If everyone in good old Doverville hated dogs there wouldn’t really be any conflict and thus no need for Brat to save the day. Naturally though there’s this crazy dog lady that lives just outside of town and runs a dog orphanage. What an unlucky break! To run a dog orphanage right next to town that prohibits dogs! What are the odds?

About the same as the odds that the football coach who has to take over the school Christmas program would need the crazy dog lady’s help since she can play piano whenever she’s not flouting her disrespect for the laws of the great town of Doverville.

And also the same as the odds that the Christmas show would be hijacked by Brat, Coach, and Dog Lady to advance their own pro-pooch agenda. As a strong Christian who firmly believes that Santa is the reason for the season, I was nauseated by their blasphemy.

The boredom comes fast and furious as this one stumbles and lurches towards the climatic school concert. The mayor’s brother is the dogcatcher and he’s got himself a crazed assistant and Mad Max-style dog catching motorcycle and sidecar.

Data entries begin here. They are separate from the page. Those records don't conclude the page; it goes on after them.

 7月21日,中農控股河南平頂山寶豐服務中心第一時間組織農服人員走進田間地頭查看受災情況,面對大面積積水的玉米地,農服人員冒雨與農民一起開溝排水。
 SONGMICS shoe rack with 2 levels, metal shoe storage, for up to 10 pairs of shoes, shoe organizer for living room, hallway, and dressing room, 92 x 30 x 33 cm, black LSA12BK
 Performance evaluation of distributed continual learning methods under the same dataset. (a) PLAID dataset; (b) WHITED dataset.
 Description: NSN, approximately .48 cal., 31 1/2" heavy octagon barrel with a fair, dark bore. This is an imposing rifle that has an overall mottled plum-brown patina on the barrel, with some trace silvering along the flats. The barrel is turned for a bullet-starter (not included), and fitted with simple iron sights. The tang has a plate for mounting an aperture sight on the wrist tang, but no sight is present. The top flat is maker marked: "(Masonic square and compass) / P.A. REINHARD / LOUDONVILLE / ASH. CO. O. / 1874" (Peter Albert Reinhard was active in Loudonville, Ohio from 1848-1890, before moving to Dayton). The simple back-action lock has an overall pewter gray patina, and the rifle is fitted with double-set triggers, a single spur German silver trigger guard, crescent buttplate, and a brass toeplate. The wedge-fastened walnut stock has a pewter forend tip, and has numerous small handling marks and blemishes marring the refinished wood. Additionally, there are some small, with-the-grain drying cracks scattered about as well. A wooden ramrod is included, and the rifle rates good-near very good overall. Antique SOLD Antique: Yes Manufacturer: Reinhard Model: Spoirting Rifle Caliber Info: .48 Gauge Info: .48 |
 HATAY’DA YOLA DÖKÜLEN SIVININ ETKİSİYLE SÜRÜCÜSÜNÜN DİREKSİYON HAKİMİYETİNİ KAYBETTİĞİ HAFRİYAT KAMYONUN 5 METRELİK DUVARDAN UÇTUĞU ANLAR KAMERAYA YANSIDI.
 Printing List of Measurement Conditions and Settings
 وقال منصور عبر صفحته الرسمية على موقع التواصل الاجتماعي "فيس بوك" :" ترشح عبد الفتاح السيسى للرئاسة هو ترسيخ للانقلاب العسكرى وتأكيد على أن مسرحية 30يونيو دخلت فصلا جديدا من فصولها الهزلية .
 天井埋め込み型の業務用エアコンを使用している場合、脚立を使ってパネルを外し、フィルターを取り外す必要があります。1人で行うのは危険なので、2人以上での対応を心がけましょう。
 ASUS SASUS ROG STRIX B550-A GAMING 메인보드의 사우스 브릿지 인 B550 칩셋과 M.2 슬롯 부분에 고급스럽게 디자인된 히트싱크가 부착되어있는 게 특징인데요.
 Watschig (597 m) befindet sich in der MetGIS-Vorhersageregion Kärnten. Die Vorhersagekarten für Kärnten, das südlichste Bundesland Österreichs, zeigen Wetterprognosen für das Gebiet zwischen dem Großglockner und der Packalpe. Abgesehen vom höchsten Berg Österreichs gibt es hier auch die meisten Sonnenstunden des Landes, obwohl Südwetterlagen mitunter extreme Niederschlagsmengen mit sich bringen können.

He also has himself a little sideline operation involving dogfights which was rudely interrupted when Brat swung into the pit on a rope to save her friend’s pet sheepdog. I think that scene was right up there with the one where Brat and her own dog got locked inside a dog cage together and she started whining to be let out. Maybe someone won’t butt into someone else’s illegal dogfights anymore, huh?

Somehow or other it gets set up so that the Crazy Dog Lady is going to be forced to get rid of her dogs by Christmas Day or else and the next thing you know Brat is leading all her classmates in one of those “lets put on a Christmas pageant featuring a bunch of mangy mutts to save the dog orphanage” schemes last seen during the real 1930s in movies starring Judy Garland and Mickey Rooney.

When I found out that all this doggy-doo was based on a honest-to-gosh book, I did some checking because I figured they must have taken some liberties with it because no book could possibly be this inanely irritating and still have tricked someone into paying money to make a movie off it. I mean, the whole idea is like something a seven year old girl would come up with.

Oh wait, it was something a seven year old girl came up with. This little twerp came up with the bright idea to re-write that horrid Christmas song to feature dogs instead of lords-a-leaping and maids-a-milking. Then some bigger twerp came up with the even brighter idea of using the now doubly-horrid Christmas song as a springboard for a dull, dingy drama that does the viewer dogstyle. It all made me want to go out back and do an Old Yeller to myself.

© 2013 MonsterHunter

3 thoughts on “The 12 Dogs of Christmas (2005)

  1. What a cynical observation regarding people of ‘The Greatest Generation’! I don’t believe that anyone who lived through the great depression would consider it “the good old days”! Certainly my father and grandfather did not. And to wish that they “die-off” at a faster rate is reprehensible! We are now losing the veterans of WW II at a rate of several hundred each day. Rather than dismiss their value to society, in your attempt to write a snarky, “hip” film review, you should recognize that it was their sacrifices that made it possible for self-absorbed, whiny guys like you to have the freedom to write such drivel.

      1. Precisely my point. Try to find *anyone* who was actually there, that is nostalgic for that era. Oh, that’s right, most of those old “bums” that you hold in contempt, have had the decency to die off, though apparently not fast enough for you. BTW, my outrage was not feigned!